To my shame, Peter Murray-Rust put up a reply to my post below in just a few hours, where it had taken me days to answer his original posting. So with this reply to his reply, I'm trying to do better.

Peter includes this disclaimer:

Before diving in I should get a potential conflict of interest out of the way. We are about to receive funding from Microsoft (for the OREChem project (see post on Chemistry Repositories). This does not buy an artificial silence on commenting on Microsoft’s practice, any more than if I accept a grant from JISC or EPSRC I will refrain from speaking my mind. Nor do I have to love their products. I currently hate Vista. However I need an MS OS on my machine because it makes it easier to use tools such as LiveMeeting (a system for sharing desktops). I’ve used LiveMeeting once and I liked it. OK, Joe did the driving because he knows his way round better than me, but I can learn it. Not everything MS does is bad and not everything it does is good.

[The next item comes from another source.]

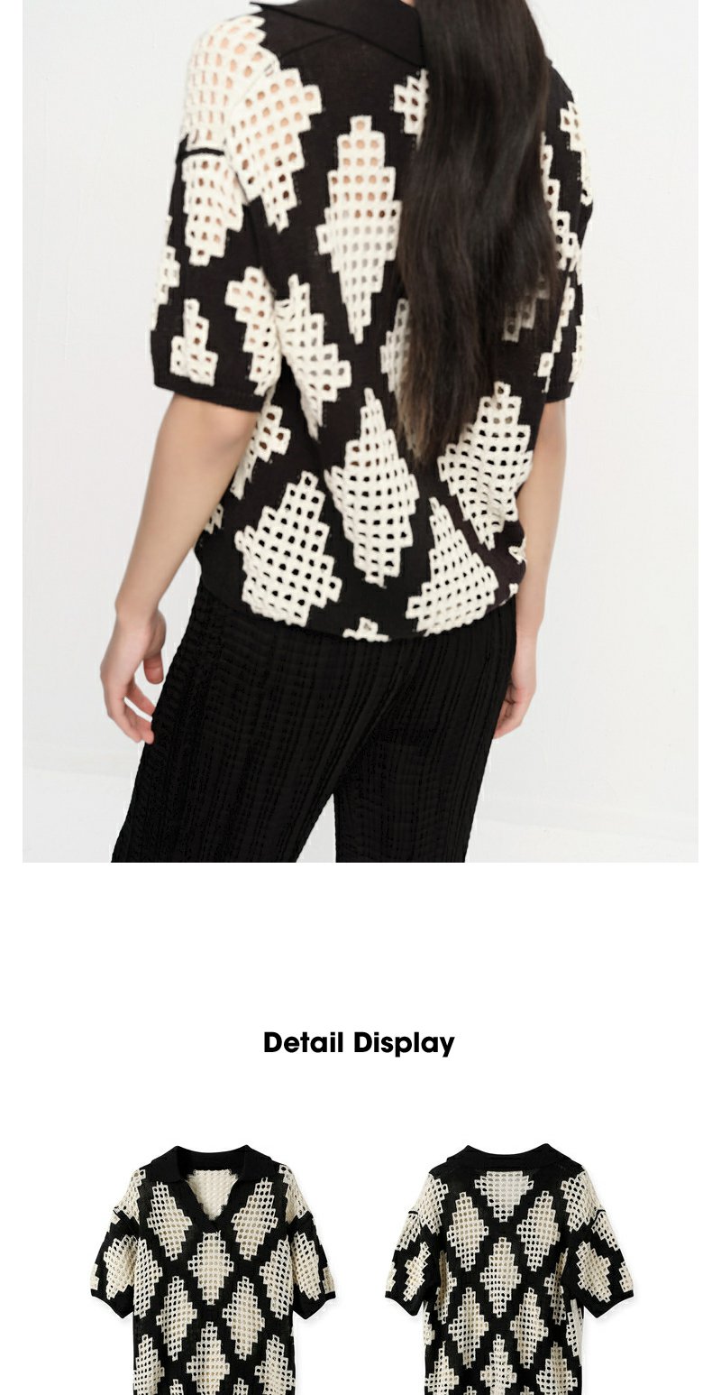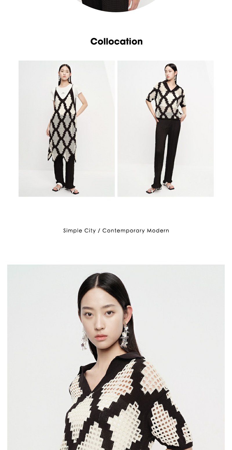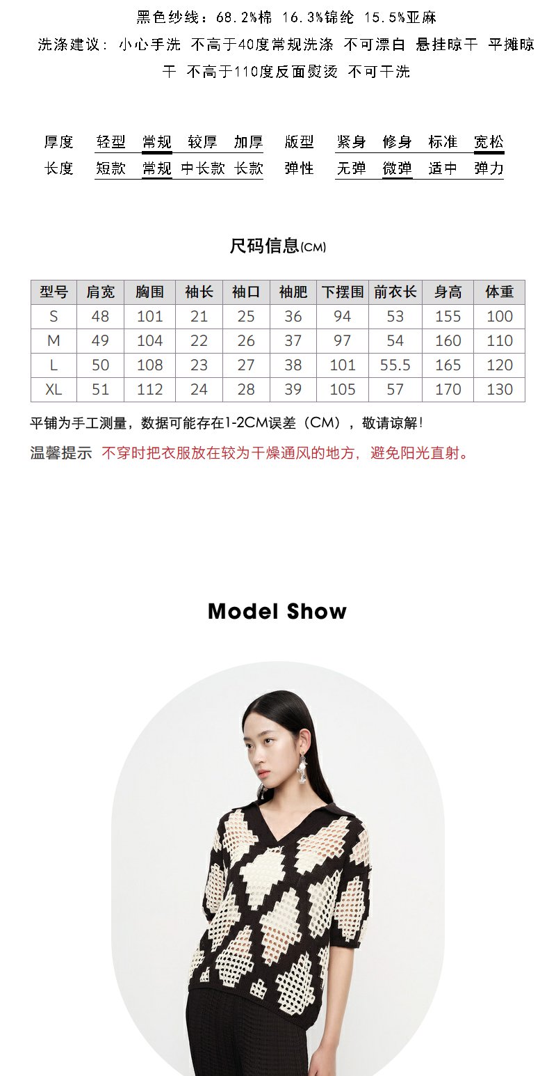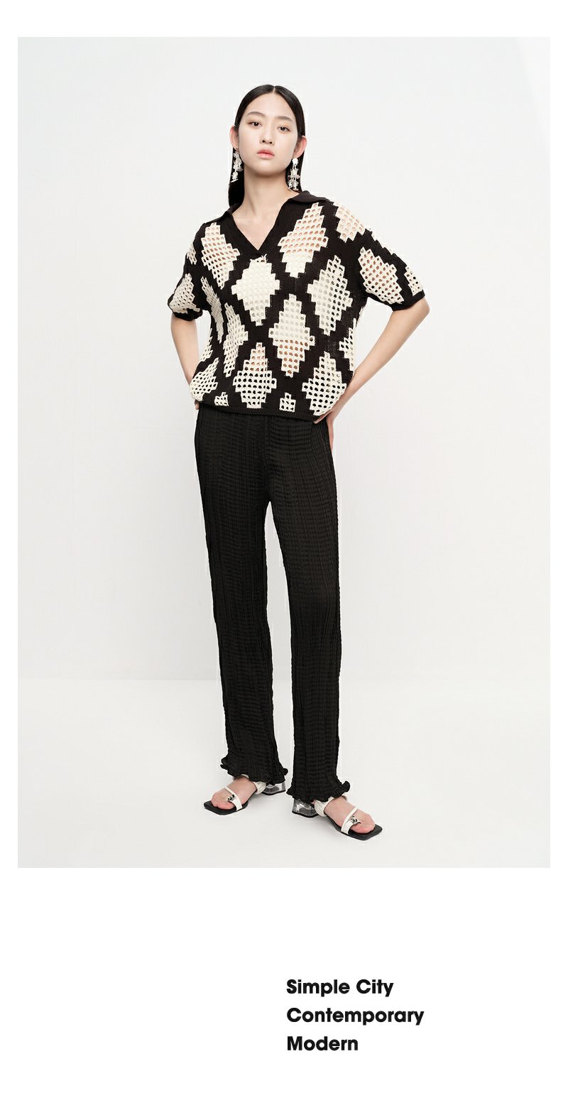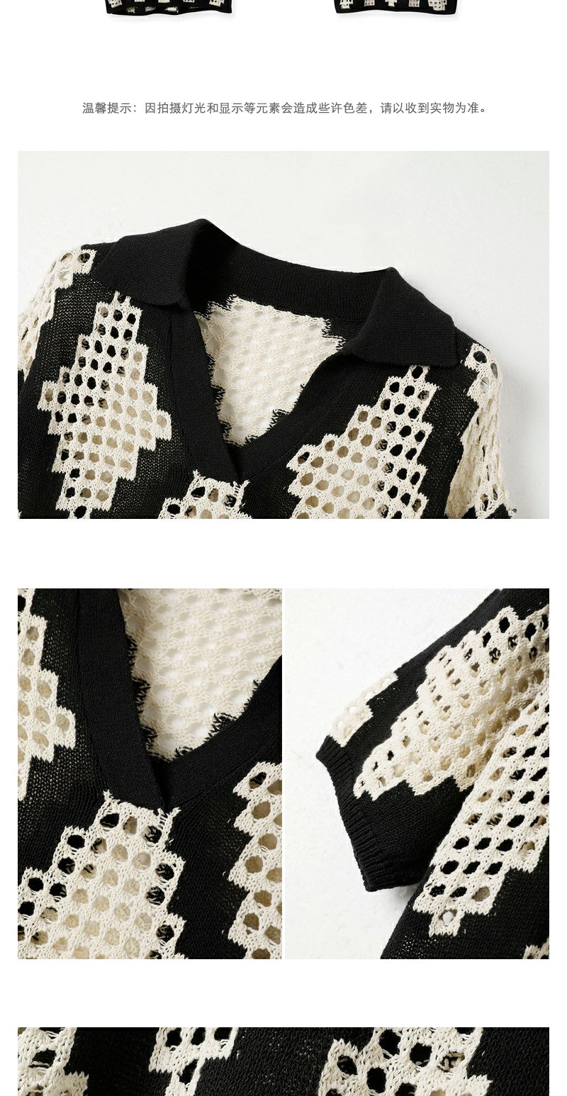 NEELLY纳俪商场同款气质V领镂空菱格针织衫女套头短袖夏季上衣N23061A01189

Now, I have not the slightest doubt about Peter's future independence, but I do think it's an interesting comment.

It shows that even such a key defender of openness as Peter finds he "needs an MS OS on my machine because it makes it easier to use tools such as LiveMeeting (a system for sharing desktops)". I presume that Microsoft's money comes without strings, but inevitably its availability will make buying its own software easier. Where a cash-strapped project would cast an interested eye over free alternatives, and be willing to pay the price of grappling with new software, those with enough funding - from Microsoft or elsewhere - may well just opt for the familiar.

This is doubtless happening all over the place in science, which means that many simply forget that there are alternatives to Microsoft's products. Instead - quite understandably - they concentrate on the science. But what this implies is that however open that science may be, however much it pushes forward open access and open data, say, its roots are likely remain in the arid soil of closed source, and that Microsoft's money has the effect of co-opting supporters of these other kinds of openness in its own battle against the foundational openness of free software.

A Word in Your Ear

A little while back I gave Peter Murray-Rust a hard time for daring to suggest that OOXML might be acceptable for archiving purposes.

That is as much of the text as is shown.